■ Task requirements ■
I would like the lines below, from the one with "豪華目玉賞品のトキエアの新潟から札幌や神戸への往復航空券に応募できます!" through the one with "Camiseta de Cuello", copied exactly and without any pictures.

■ Material shown ■
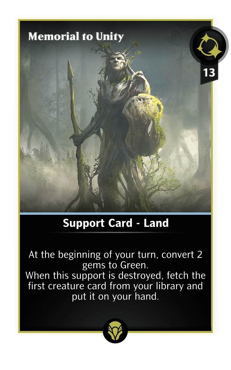 At the beginning of your turn, convert 2 gems to Green. When this support is destroyed, fetch the first creature card from your library and put it on your hand.
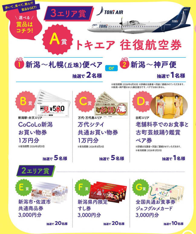 豪華目玉賞品のトキエアの新潟から札幌や神戸への往復航空券に応募できます!
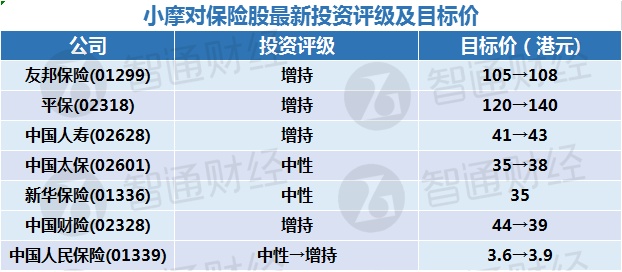 智通财经APP获悉,小摩发表研究报告称,预期2019年上半年保险股盈利复苏,整体约上升23%,因此调整其整体目标价,除中国财险(02328)目标价有所调低外,大部份均上调目标价。该行上调中国人民保险(01339)评级,由“中性”升至“增持”,看好非人寿承销前景,以及在低基础下,人寿业务潜在复苏。至于友邦保险(01299),估计上半年新业务价值实际汇率计算同比上升15%,中期息每股派33.3港仙。预测中国人寿(02628)或发盈喜,初步预计上半年国寿纯利同比或升135%。
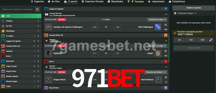 O 971Bet oferece uma grande seleção de opções de apostas em e-sports com probabilidades competitivas
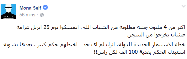 استنكرت الناشطة السياسية منى سيف، قرار تغريم متظاهري 25 أبريل “جمعة الأرض” 100 ألف جنيه. وقال- عبر منشور لها على “فيسبوك”- “أكتر من 4 مليون جنيه مطلوبة من الشباب اللي اتمسكوا يوم 25 أبريل غرامة عشان يخرجوا من السجن”.
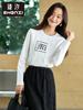 Camiseta de Cuello Redondo Bordada con Letra Zhenxi Nueva para Mujer Manga Larga Bordado Digital Blanco Hombro Derecho Top Sq965
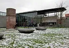 The swimming pool was constructed between 1927 and 1932,[1] by the Lille architect Albert Baert. It closed as a swimming pool in 1985, and was remodelled as a museum by the architect Jean-Paul Philippon, opening in 2000. A modern entrance building, special exhibition space and garden were constructed within the roof-less shell of an adjoining textile factory.[2][3]
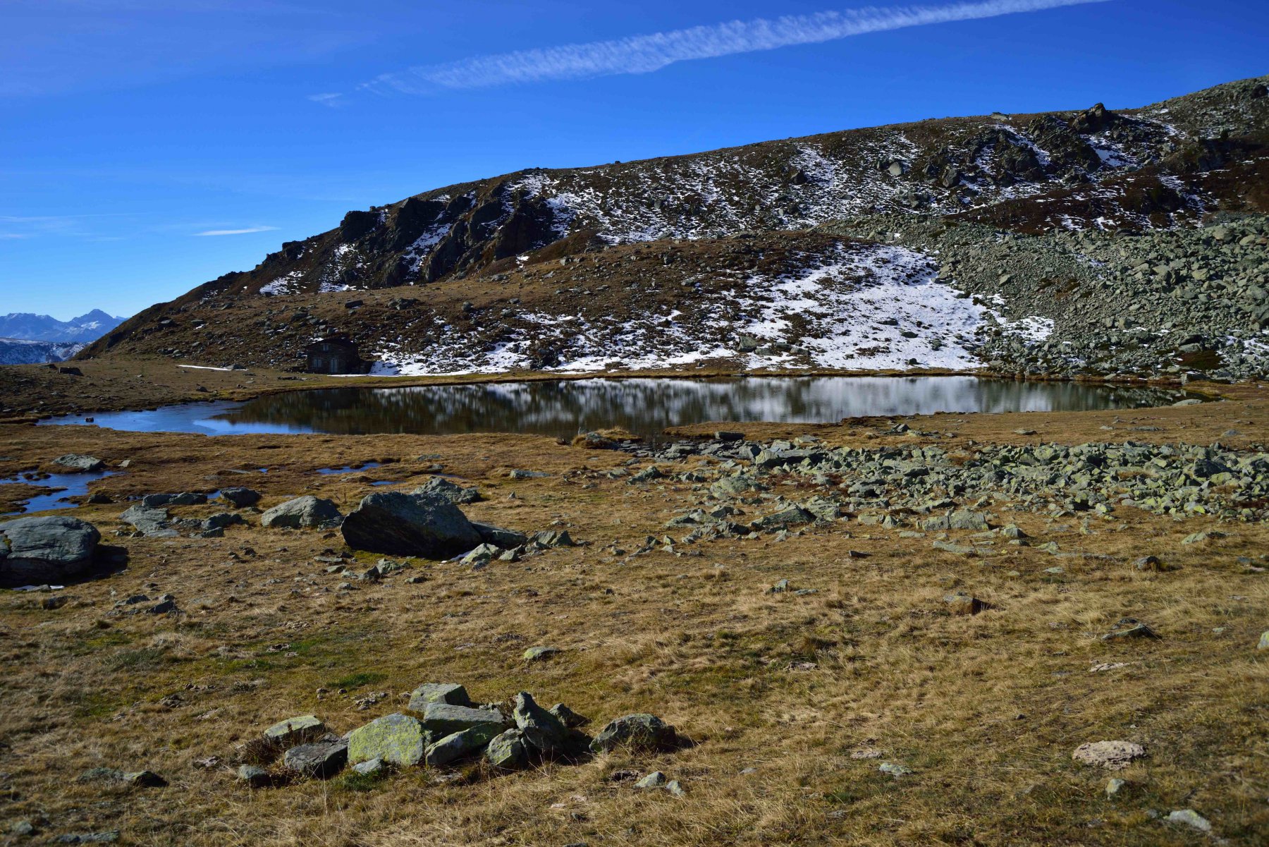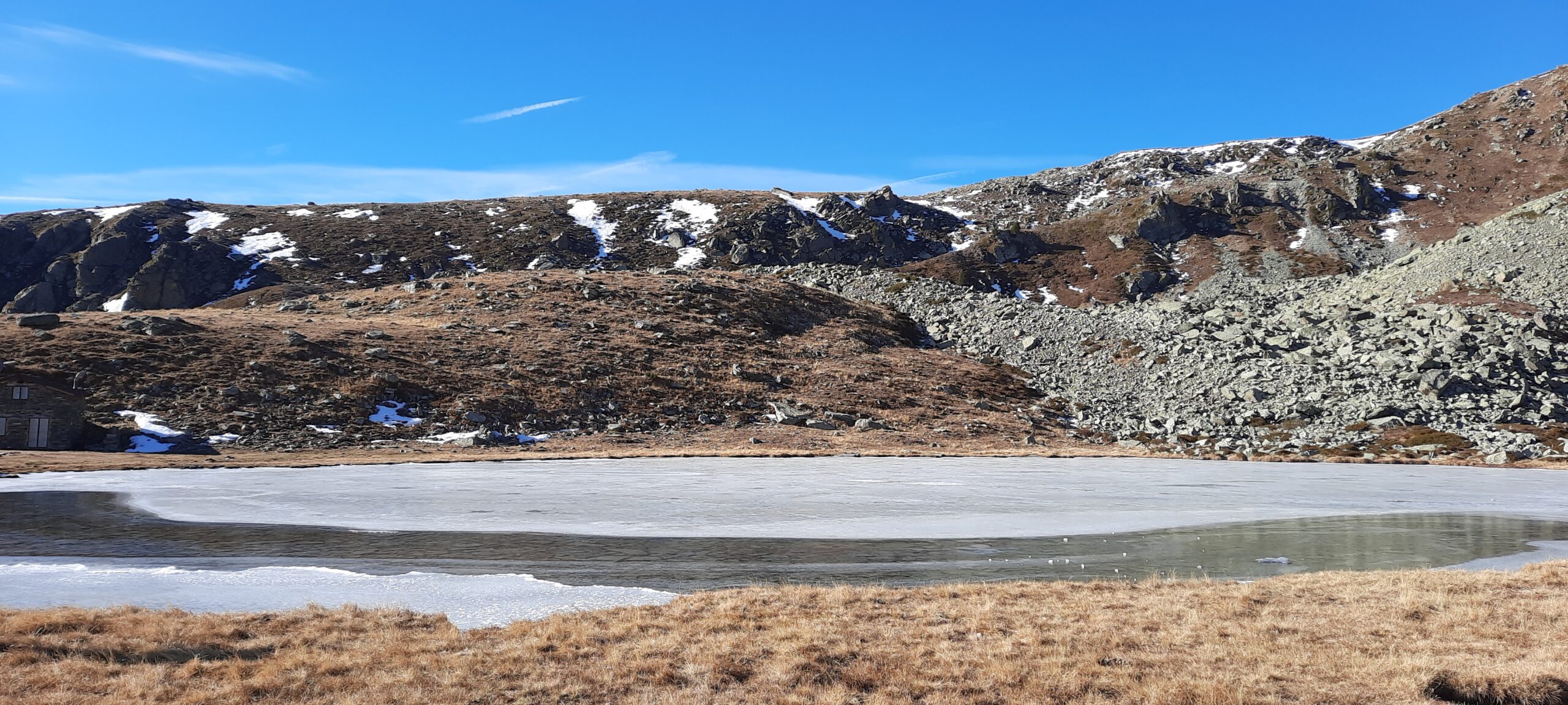 Da Colletto si raggiunge il Pilone Madonna della Neve, dopo il quale si procede sulla strada sterrata fino ad una croce in legno su un costone a q. 1811 m. A sx si stacca un sentiero ben marcato con indicazioni per il Lago di Luca. Si raggiunge in breve una baita presso la quale occorre svoltare a sinistra e risalire l’ampio valloncello laterale.

■ Result for this exercise ■
 豪華目玉賞品のトキエアの新潟から札幌や神戸への往復航空券に応募できます!
 智通财经APP获悉,小摩发表研究报告称,预期2019年上半年保险股盈利复苏,整体约上升23%,因此调整其整体目标价,除中国财险(02328)目标价有所调低外,大部份均上调目标价。该行上调中国人民保险(01339)评级,由“中性”升至“增持”,看好非人寿承销前景,以及在低基础下,人寿业务潜在复苏。至于友邦保险(01299),估计上半年新业务价值实际汇率计算同比上升15%,中期息每股派33.3港仙。预测中国人寿(02628)或发盈喜,初步预计上半年国寿纯利同比或升135%。
 O 971Bet oferece uma grande seleção de opções de apostas em e-sports com probabilidades competitivas
 استنكرت الناشطة السياسية منى سيف، قرار تغريم متظاهري 25 أبريل “جمعة الأرض” 100 ألف جنيه. وقال- عبر منشور لها على “فيسبوك”- “أكتر من 4 مليون جنيه مطلوبة من الشباب اللي اتمسكوا يوم 25 أبريل غرامة عشان يخرجوا من السجن”.
 Camiseta de Cuello Redondo Bordada con Letra Zhenxi Nueva para Mujer Manga Larga Bordado Digital Blanco Hombro Derecho Top Sq965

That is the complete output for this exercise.